Leonardo De Cara, associado da RB Capital Asset Management, critica a proposta. "É uma visão um pouco momentânea, enxergando a fotografia atual do mercado, sendo que essa indústria é volátil, acompanha a curva de juros. Os fundos não deveriam estar sujeitos a isso", argumenta.
Slavik Merkouloff, sócio-gestor da RB, avalia que o mais adequado seria estabelecer uma remuneração atrelada aos rendimentos gerados pelos fundos, o que daria uma melhor ideia sobre o desempenho dos gestores. "Mas o mercado ainda não amadureceu para isso", pondera.

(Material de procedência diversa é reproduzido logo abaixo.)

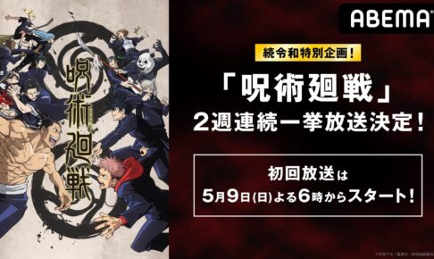芥見下々先生による人気漫画を原作としたTVアニメ「呪術廻戦」がABEMAアニメ2チャンネルにて5月9日と16日に無料一挙放送! 5月9日 (5月8日深夜〜) は第1話〜13話、5月16日 (5月15日夜〜) は第14話〜24話をオンエア! 放送後には「ABEMAビデオ」でも1週間無料視聴可能!!

A minuta também propõe a exigência de quórum qualificado para a destituição ou substituição do administrador e escolha de seu substituto, e para a alteração da política de investimento e do objeto da carteira descrita no regulamento. Diante da baixa adesão de cotistas em assembleias e da necessidade de votação de determinadas questões importantes para o fundo, a CVM tenta adequar o quórum qualificado à realidade da indústria.
Desta forma, propõe-se para carteiras pulverizadas, com mais de cem cotistas, um quórum de 25% do total de cotas emitidas para deliberar as matérias citadas e também itens como alteração do regulamento e fusão ou incorporação do fundo. Nas carteiras menores continua previsto quórum correspondente à metade, no mínimo, das cotas emitidas.
Rodrigo Machado, diretor e sócio da XP Investimentos, ressalta que, embora não tenha sido o número proposto pela indústria, ele é factível e será preciso se ajustar a essa realidade. "Não é o melhor dos mundos, porque ainda assim representa uma dificuldade muito grande do ponto de vista operacional para fazer os fundos funcionarem, mas é factível", observa.
Para Freitas, da CSHG, em casos como uma mudança administrativa deveria ser exigida maioria de votos e não o quórum qualificado. "Mudar com 25% deixa o fundo muito vulnerável. Não acho justo", comenta. Os percentuais, diz, deveriam variar conforme a questão debatida.
Forni, da BB DTVM, considera que a CVM aprimora a regulamentação ao reduzir a exigência do quórum de maioria para os 25%. "É uma tentativa de viabilizar a participação e a decisão em assuntos relevantes. Em determinados fundos era muito difícil organizar isso", afirma.
Diniz, da Rio Bravo, também viu com bons olhos a proposta, ainda que não agrade a "gregos e troianos". "A CVM procurou uma solução meio-termo e achamos que pode funcionar."
Do lado positivo, houve unanimidade com relação à extensão do prazo de cinco para dez dias úteis após a data de protocolo na CVM para registro de constituição e funcionamento do fundo e ofertas e subsequentes, conhecidas como "follow on". A percepção é de que, com essa extensão, a CVM terá condições de cumprir os prazos. Outra proposta é flexibilizar a necessidade de aprovação em assembleias de ofertas subsequentes, desde que autorizadas em regulamento.
Há ainda uma visão favorável sobre a menor frequência de divulgação de informações, como a eliminação dos dados semestrais dos fluxos de caixa e de relatório do administrador, passando-os para uma periodicidade anual. Mas o formulário com exigência mensal foi criticado pelo volume de dados exigidos - tais como informações sobre o valor patrimonial das cotas, a rentabilidade efetiva mensal e o valor dos ativos e passivos do fundo, bem como a demonstração mensal do resultado financeiro e contábil do fundo. Há gestores que consideram que a demanda pode inclusive desvendar a estratégia de determinados fundos ativos.
Machado, da XP, avalia que o grau de informações e de padronização vai melhorar as condições do mercado e pode estimular a atração de novos investidores. Segundo ele, a indústria está se fortalecendo para um momento de mais maturidade.
Na avaliação de Freitas, da CSHG, o mercado tem hoje mais consistência e densidade para discutir essas mudanças. "O momento é apropriado", diz.
Procurada, a Associação Brasileira das Entidades dos Mercados Financeiro e de Capitais (Anbima), que lidera um grupo de trabalho para tratar do tema, não retornou o pedido de entrevista ao Valor.